Viewed in the light most consistent with the trial court’s ruling,4 the deputy’s testimony suggests that the decision to run the plates was not a haphazard or ad hoc decision at all. Instead, it was the result of a confluence of training, time, and opportunity: the deputy was trained to run plates to investigate for stolen vehicles; based on the position of defendant’s vehicle, the deputy was able to see defendant’s *361front license plate and was able to make out defendant’s physical characteristics, which would have allowed him to compare the driver to the registered owner. Under those circumstances, the result was that defendant’s license plates were run as part of the deputy’s normal activity of investigating for stolen vehicles. In the course of that activity, any driver who happened to be coming out of the parking lot at that moment would have been subject to the same scrutiny. There was nothing arbitrary or whimsical about the deputy’s decision to run defendant’s license plates; rather, that decision was “random” — in the deputy’s words — only in the sense that, because of the juxtaposition of time and place, the plates that were run were defendant’s, and not some other citizen’s. So understood, we cannot conclude that defendant was denied any privilege or immunity on the same terms as other citizens — the benchmark of Article I, section 20. See Clark, 291 Or at 246 (“We do not believe equal protection goes so far as to require previously stated standards as long as no discriminatory practice or illegitimate motive is shown and the use of discretion has a defensible explanation.”).
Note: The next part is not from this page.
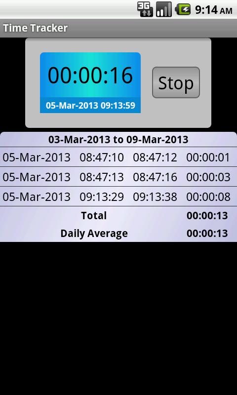 Time Tracker helps you to keep track of hours you spend at work. This app can be useful if you tracking to spend specified amount of time at office on daily or weekly basis. You can also use this when you want to know if you are spending long hours at office.

Given our view of the record, we need not address some of the more provocative issues raised in the dissent.5 We simply note that Article I, section 20, has never been applied to require police officers to articulate and adhere to criteria for every discretionary patrol activity that might occur in the ordinary course of a day. To extend Freeland in that way— that is, to require officers to justify decisions such as stopping one speeding car as opposed to another — would represent a quantum leap from where our Article I, section 20, jurisprudence has gone before.
Affirmed.
ORS 811.182 was amended in 2009. Or Laws 2009, ch 783, § 14. That amendment does not impact this case.
The deputy testified that he ran registration plates “randomly.” He did not elaborate on what he meant by “randomly,” nor was he asked to explain his choice to use that word.
Although the parties offered legislative history, it is not helpful in construing the statute, so we do not discuss it.
The trial court ruled that “everyone who gets a driver’s license subjects themselves to driving down the street and having their license plate looked at and, in this circumstance, run.”
There are references in the dissent to discrimination based on class membership. See 237 Or App at 367-68 n 1, 371 (Schuman, J., concurring in part, dissenting in part). That kind of discrimination is not an issue in this case. Defendant never asserted discrimination based on race, economic status, or gender. For that reason, the lead does not discuss a hypothetical problem that is not raised by the facts in this case.